Hoyt’s Carbon Spyder 30, with its redesigned helical carbon riser, was easily the most impressively engineered bow in the test. As expected, the Spyder is light, and at a stubby 30 inches axle-to-axle, it’s exceptionally compact. Priced at an eye-popping $1,500, the Carbon Spyder 30 will appeal to hunters who desire the best money can buy.

BowTech’s new flagship, the RPM 360, is an exception to 2014’s shootability rule. It turned heads on the test range with its blazing speed, topping out at 347.45 fps. The valley of its draw cycle is more aptly described as a canyon, but the bow shoots surprisingly well for that speed. Fit and finish is top of the line, and the balance is uncanny.

Elite is a relative newcomer, and its Energy 35 represents its best offering to date. Top-end accessories include a Winner’s Choice string and cables, and a Cerakote ceramic-based coating on the cams, modules, and cable and suppressor rods. The Energy 35 peaked at 322.41 fps on a very tame draw cycle.

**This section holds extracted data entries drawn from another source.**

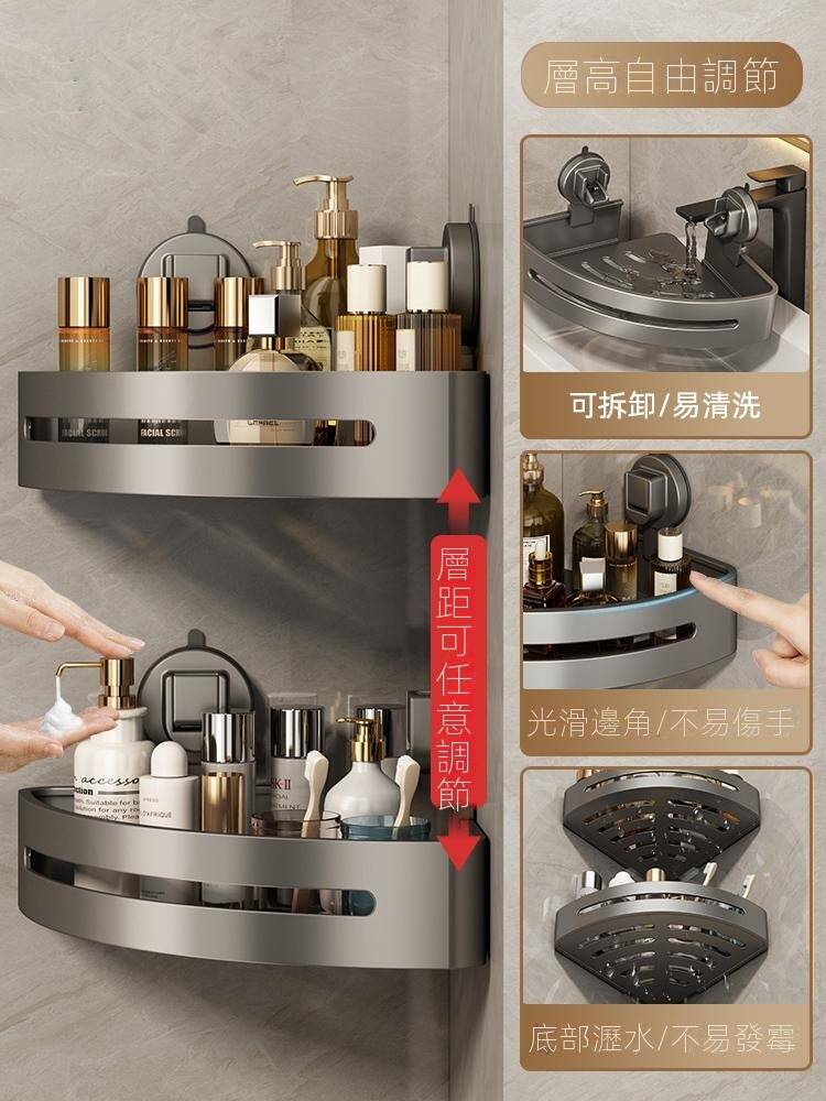 20分鐘前自帶吸盤,可隨時移動重復使用的置物架 免打孔廚房浴室衛生間三角置物架多用途壁掛收納架毛巾架 - 【超夯下殺】買一送二,共三入組 NT$999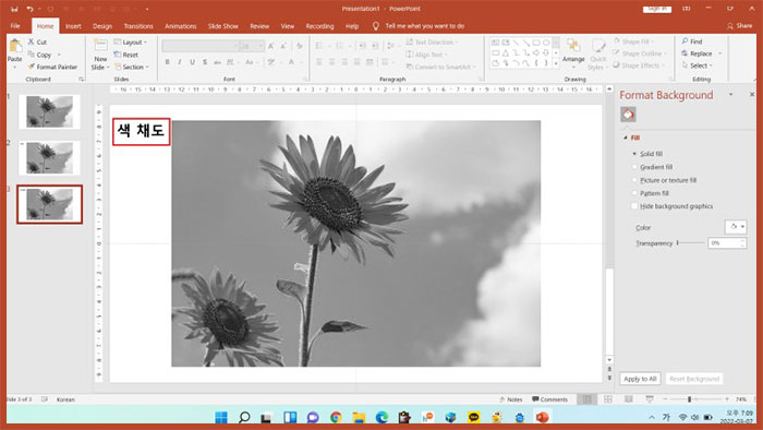 채도값을 변경하여 파워포인트 이미지 흑백 바꾸기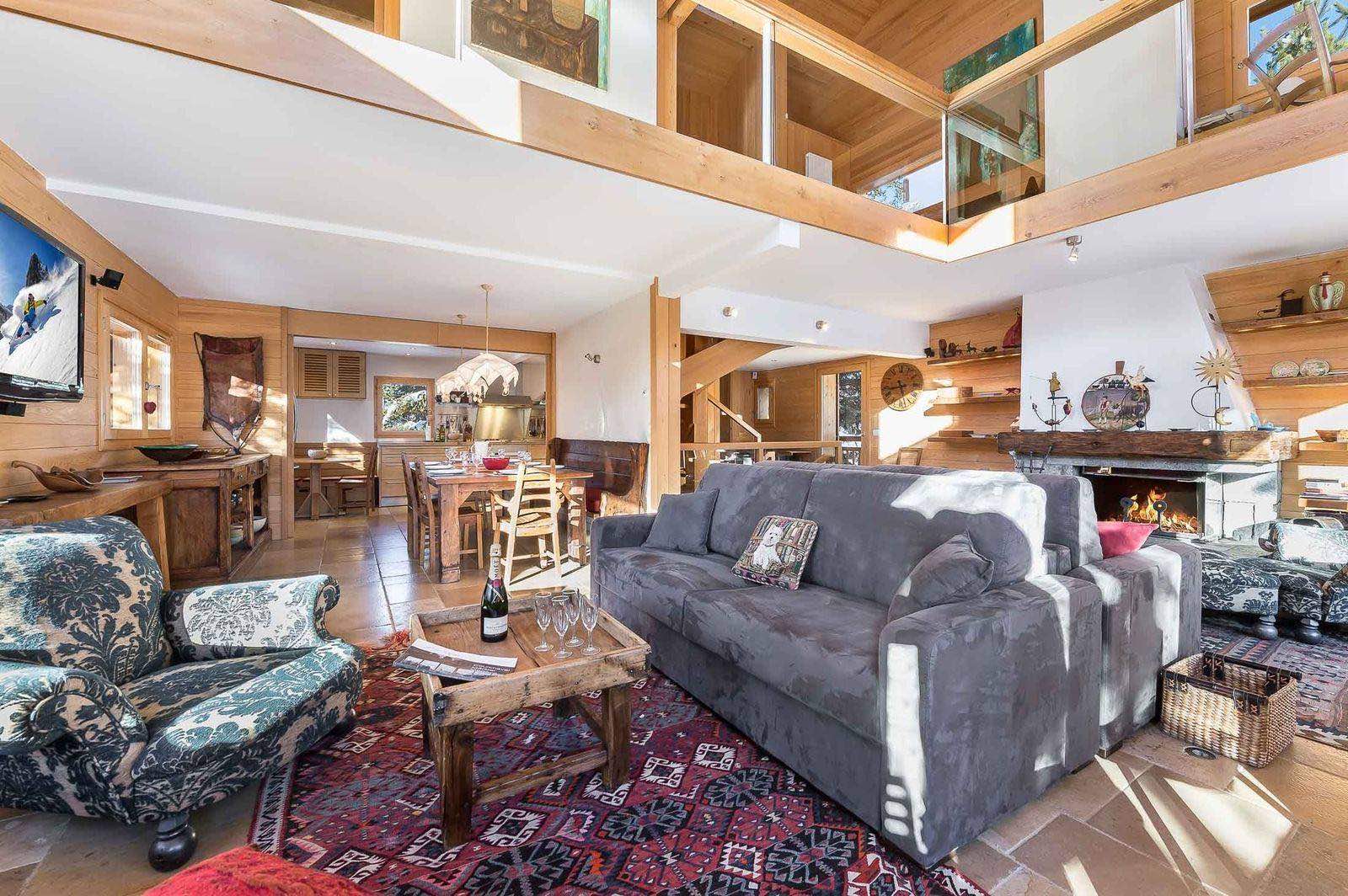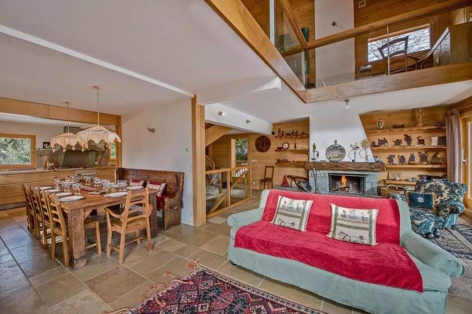 The heart of the home is the inviting living area, where a grand stone-and-wood fireplace brings warmth to both the lounge and dining space on winter evenings. Guests can enjoy meals in the charming dining room or step outside to the panoramic terrace, perfect for a Savoyard lunch with sweeping views of the peaks.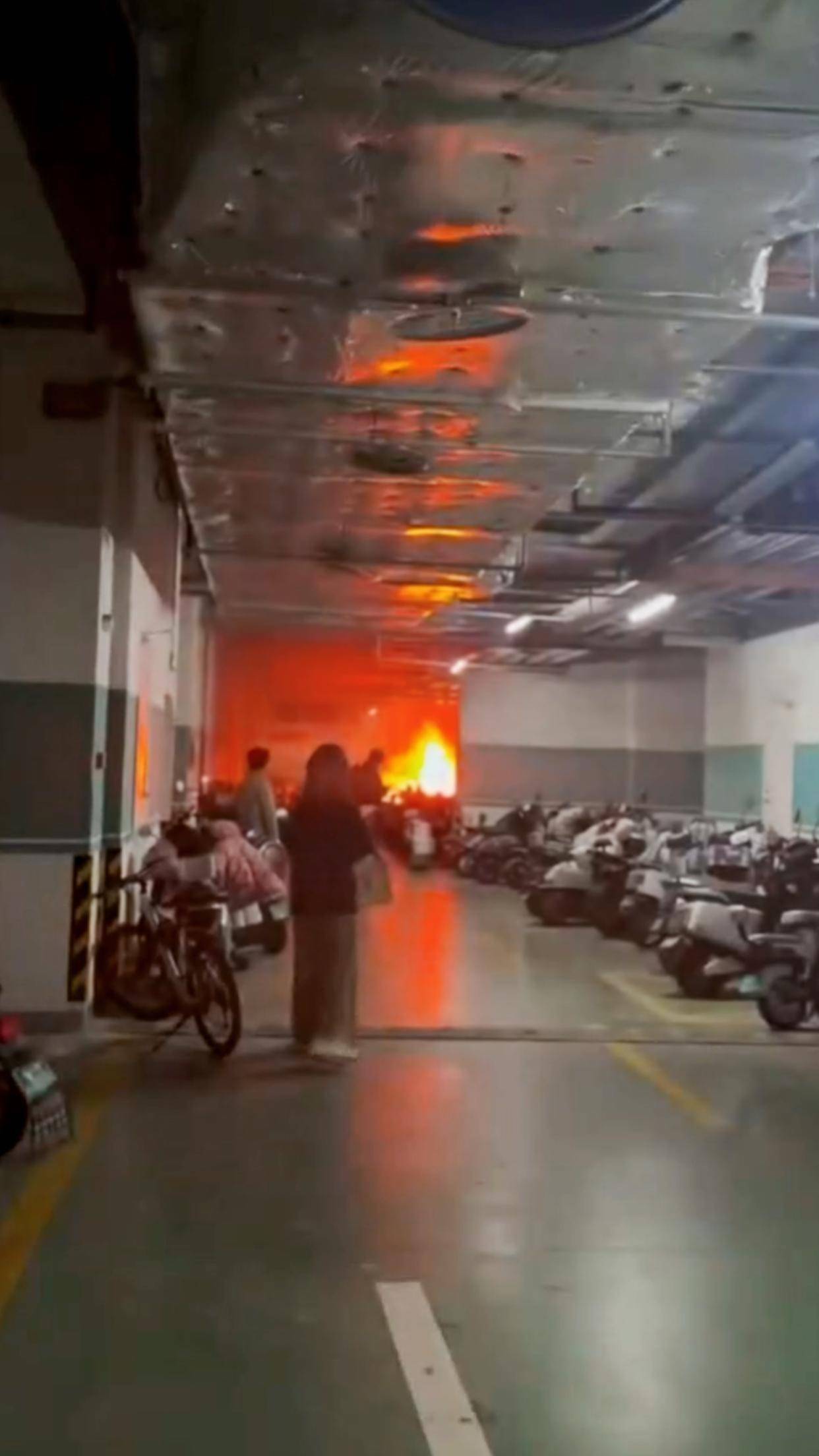 害怕吗?起火位置一边是配电箱,一边是数辆电动车,要知道火焰的高温下电池易爆燃,伤害性极强。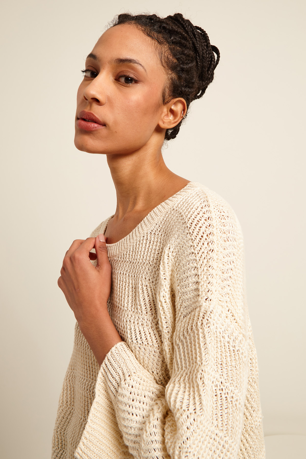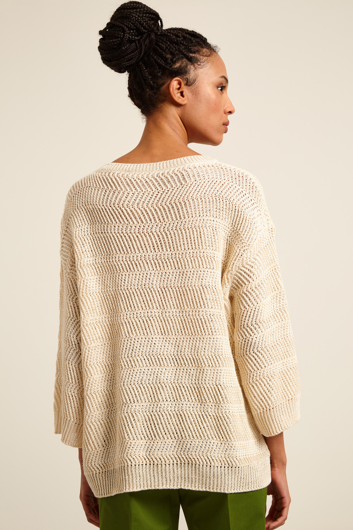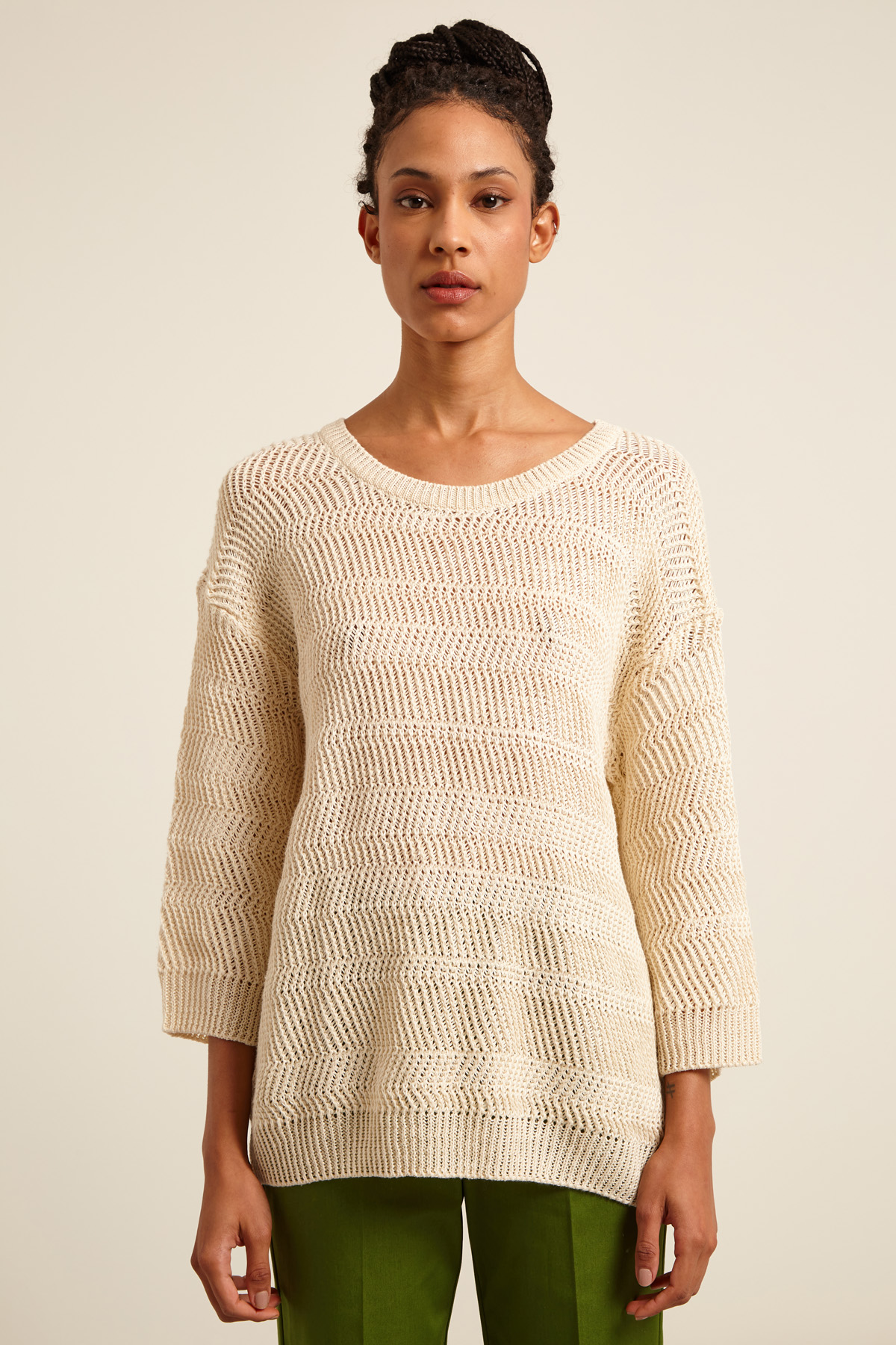 Maglia dalla linea over realizzata in filato di puro lino con lavorazione a intreccio, scollo a giro e maniche dal giro sceso.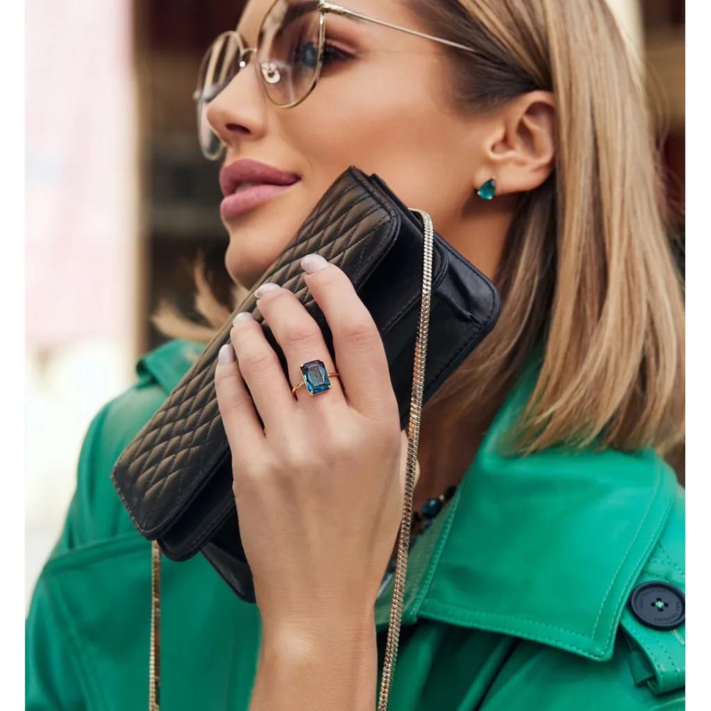 Rose Gold Rectangle Clear Green Self Adjustable Ring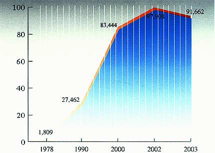 En 2003, à cause du SRAS (Syndrome respiratoire aigu sévère) dans la première moitié de l'année, les principales normes économiques du tourisme chinois ont enregistré, pour la première fois depuis les années 90 du XXe siècle, des chiffres négatifs. A partir du premier mai 2003, les départements concernés comme le ministère des Finances, l'Administration nationale des affaires fiscales, etc. ont pris une série de mesures d'aide comme la réduction et l'exemption des imp?ts, le crédit d'escompte, etc. à l'égard du secteur touristique. Lorsque le SRAS a été enrayé, le marché touristique intérieur fut rapidement réanimé dans le troisième trimestre. Et les déplacements des touristes étrangers en Chine ont recommencé à prendre leur essor. A la fin de septembre, le nombre de touristes étrangers en Chine a augmenté de 2,17% par rapport à la même période de l'année précédente, redressant ainsi une situation négative durant six mois de suite depuis mars. Au mois d'octobre, le nombre de touristes étrangers en Chine a dépassé celui de la même période de l'année précédente. Les recettes du tourisme chinois ont commencé à enregistrer une croissance stable.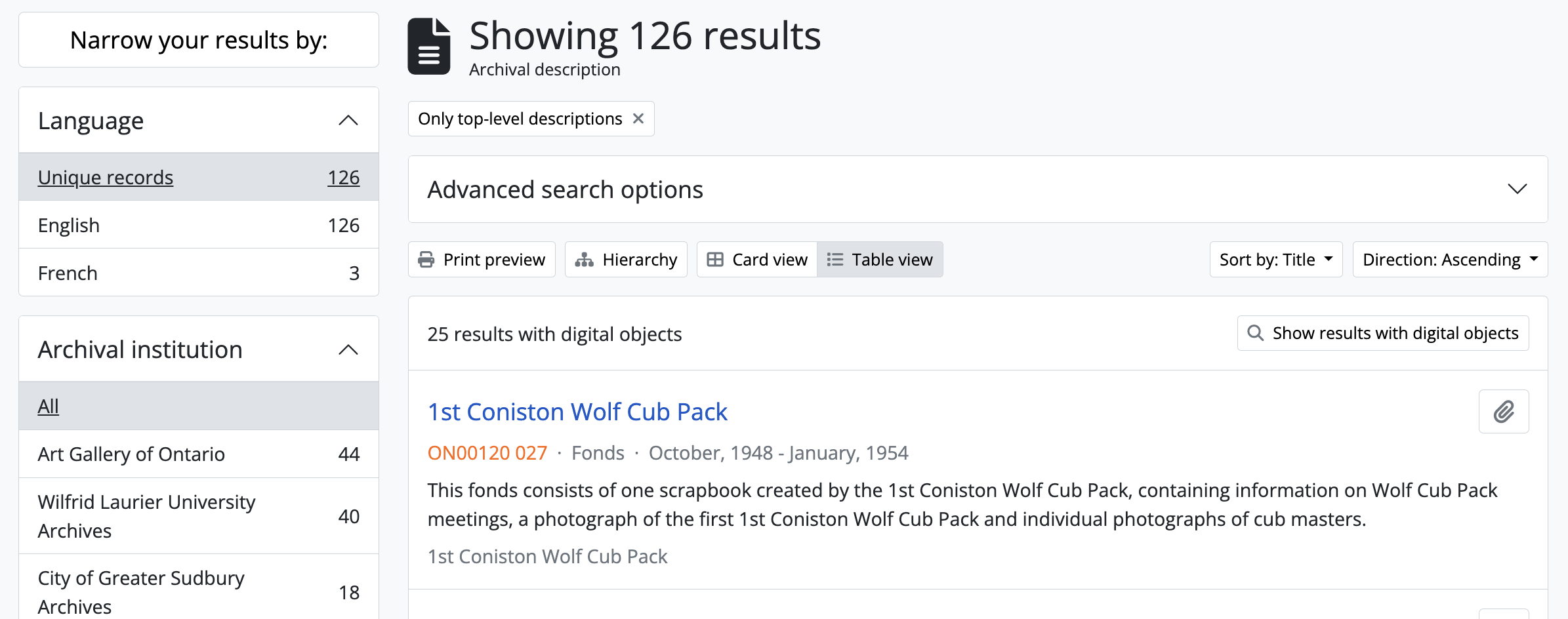 - Advanced search using the AtoM Search box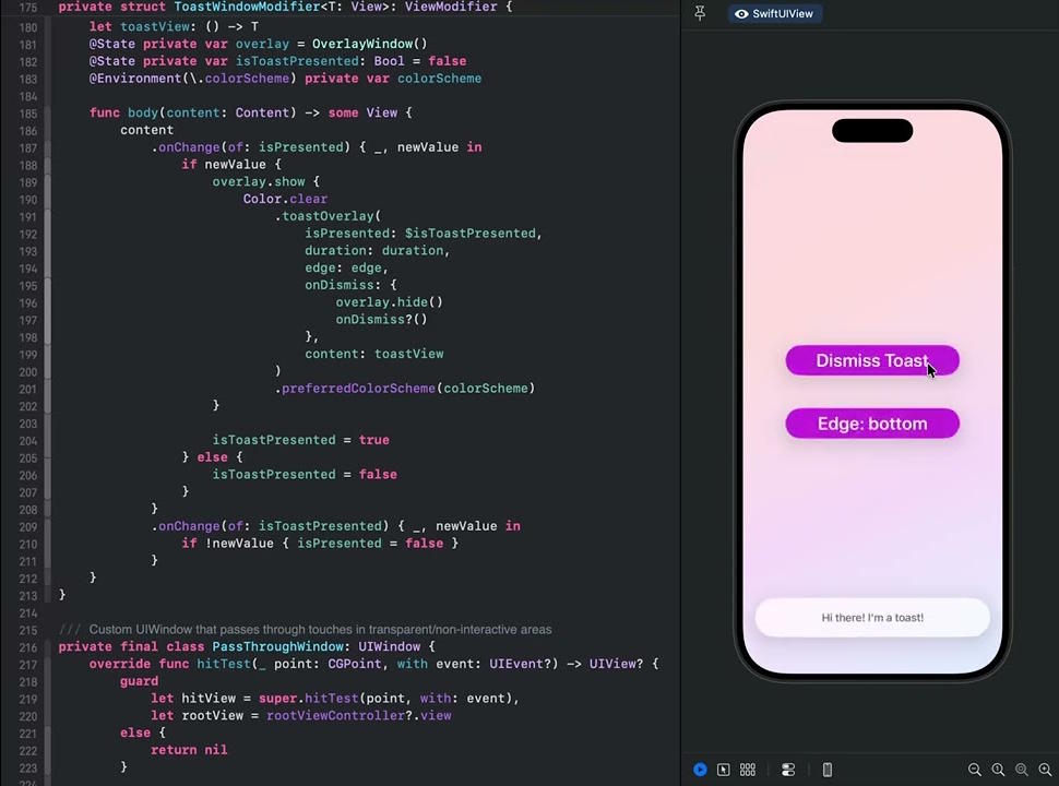 В SwiftUI до сих пор нет встроенного компонента для всплывающих уведомлений (toast). Существуют оповещения (alert) и всплывающие окна (sheet), но они, по своей сути, являются модальными. Тост решает другую проблему: оно предоставляет кратковременную обратную связь, не прерывая рабочий процесс пользователя.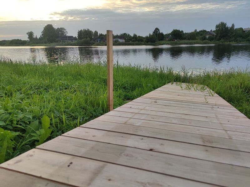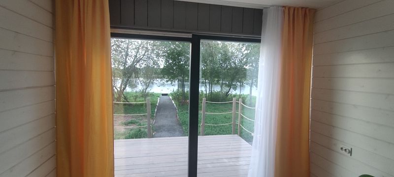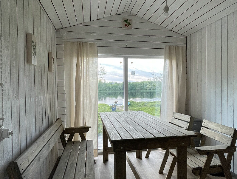 Дом с двухспальной кроватью, удобным диваном на двоих. Свой пирс на берегу реки, своя зона барбекю.

Prime’s Alloy, with its parallel cams to reduce cam lean, and forged riser, which makes it very stiff and efficient, is a relatively long bow by today’s standards (33 ½ inches). With a 6 5⁄8-inch brace height, the Alloy will appeal to those searching for a crossover bow for both target archery and hunting.

Finally, the PSE DNA SP is a refined version of the original DNA bow that won our test last year. The 2014 iteration is just as good, with an even smoother draw cycle. At about 4 pounds, the SP is very light, making it a great carry for any hunting style.